**WARNING** The content in this topic could trigger you. Domestic violence can be a highly emotionally charged issue.
This information is meant to educate those who have experienced this type of abuse and for those who have witnessed loved ones go through this type of toxic relationship—or may still be in the throes of a relationship involving domestic violence. It is not my intention to add my voice the countless others who disparage domestic violence. There is a time and place for that but that is not here.
If you’re in a relationship where domestic violence has or is occurring or if you have watched or are still watching a loved one in a bad relationship and don’t know why they stay, this if for you.
First, it is essential to identify where the abused person is mentally
Here are the 5 different stages people experience with domestic violence:
Stage 1 Stage of Confusion
Stage 2 Stage of Grace
Stage 3 Stage of Acceptance
Stage 4 Stage of Unacceptance
Stage 5 Stage of Action
First is the stage of confusion which is typically the shortest stage. Depending on one’s unique set of circumstances, this stage could last an hour to several weeks. Typically, the confusion occurs after the first incident of domestic abuse. In this stage, you typically ask “why?”; Why did they hit me? What did I do? Or other questions to that effect.
Next comes the stage of grace. In this stage, one has typically asked the “why” question. They may not actually know why they are being abused and generally, they still believe that their abuser is a good person. They are willing to give them the benefit of the doubt.
“He was probably tired” or “I really pissed her off so of course she took a swing at me”.
In this stage, one honestly believes that the abuse was a one-time event or that the violence will dissipate on its own. Typically, people in this stage do not share that they are being hurt. If they truly believe it will end soon why make trouble?
Eventually they stop believing it will ever change.
At this point, the abused enters stage 3: acceptance. People in this stage may have some understanding that they don’t like what is happening but the abuse makes sense to them. They have been manipulated to believe that their abuse is logical. Typically, people in this stage want to talk to friends or family about the abuse but, when they do bring it up, no one accepts their reasoning as to why the abuse is acceptable. The most common advice they receive from those in whom they have confided is to leave.
However, they generally find this advice unhelpful. Because even at this stage they want to stay in the relationship. They don’t want the abuse, but at the same time, they don’t want to get rid of the abuser.
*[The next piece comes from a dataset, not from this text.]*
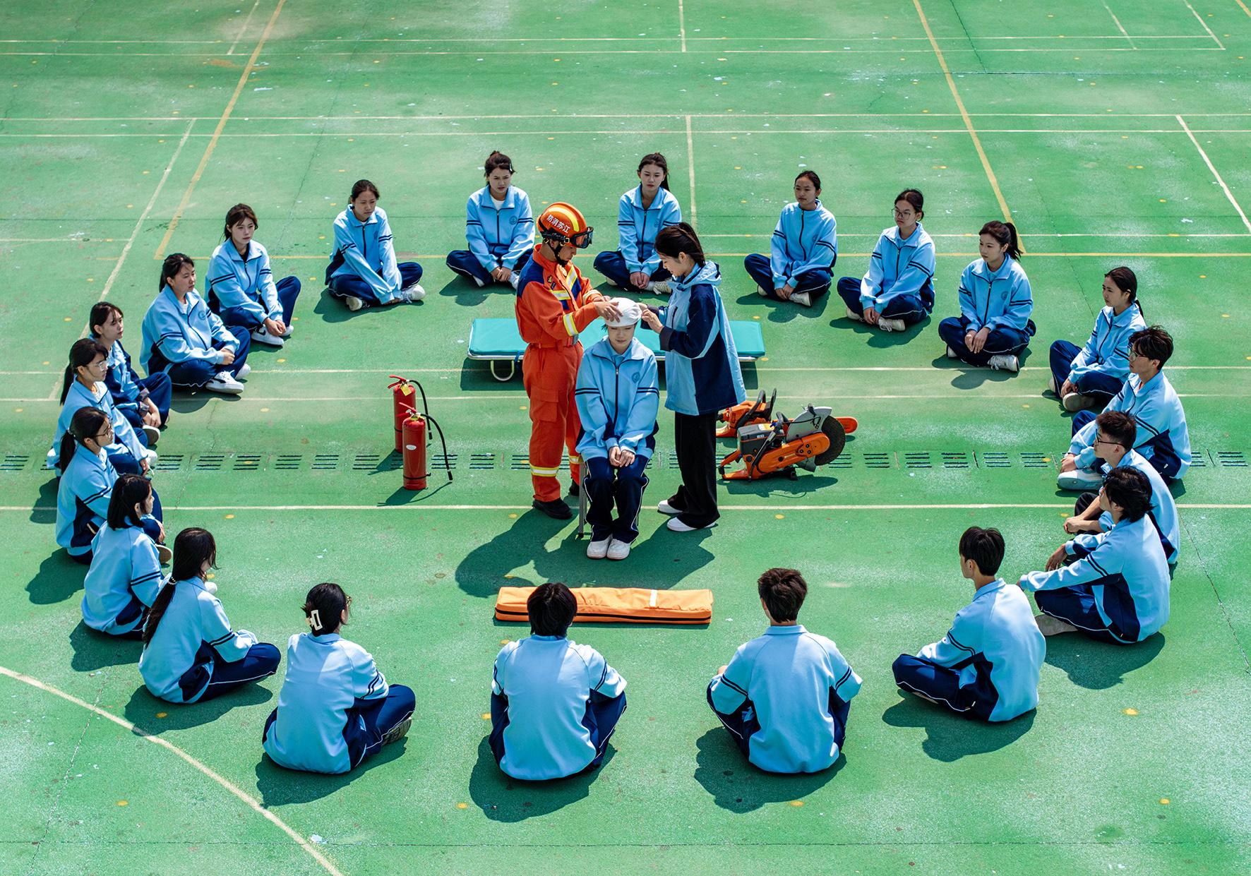 5月12日,江蘇省揚(yáng)州市邗江區(qū)消防救援大隊(duì)消防員在揚(yáng)州生活科技學(xué)校指導(dǎo)學(xué)生對(duì)傷員進(jìn)行快速包扎。

This is a double-edged sword. This lack of understanding causes them to stop talking about it to anyone. People in stage 3 typically do not want someone else to interfere which can be incredibly frustrating if you are a friend or loved one of the abused, because this stage can last for a very long time.
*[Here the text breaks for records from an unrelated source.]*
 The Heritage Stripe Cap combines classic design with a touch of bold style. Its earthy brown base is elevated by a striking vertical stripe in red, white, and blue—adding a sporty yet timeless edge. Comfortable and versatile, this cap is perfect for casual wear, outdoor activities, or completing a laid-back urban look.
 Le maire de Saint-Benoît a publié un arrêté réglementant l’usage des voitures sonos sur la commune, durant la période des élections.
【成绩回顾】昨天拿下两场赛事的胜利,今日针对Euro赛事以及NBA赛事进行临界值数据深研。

Once the victim finds a supportive yet challenging voice to help them see that they are in fact being abuse and that it won’t change, they will eventually move into stage 4: unacceptance. In this stage they know that at some point the relationship must end.
“But what if there is a kid involved?”
“Or they couldn’t financially support themselves at the income level they want?”
People in this stage will stay with the abuser until it just becomes so unpleasant that its no longer worth the benefits of staying with the abuser. To help someone in this stage is to give them opportunities to leave. Help them learn about safe houses, resources, support groups (online or in person). Help them to physically get out of the situation. People in this stage are usually willing to rely on people who have earned their trust.
Then comes the last stage: action. A person at this stage recognizes that nothing is going to change unless they leave. They also have decided that the relationship it is no longer worth the price they are paying. This is the final stage.
It’s important that you are aware of these different stages, because if you or someone you know is in a domestic violence situation you need to understand that it is a process to get help. People don’t typically leave domestic violence in one go.
If you need help, please contact someone you trust or seek the counsel of a professional. We are here for you.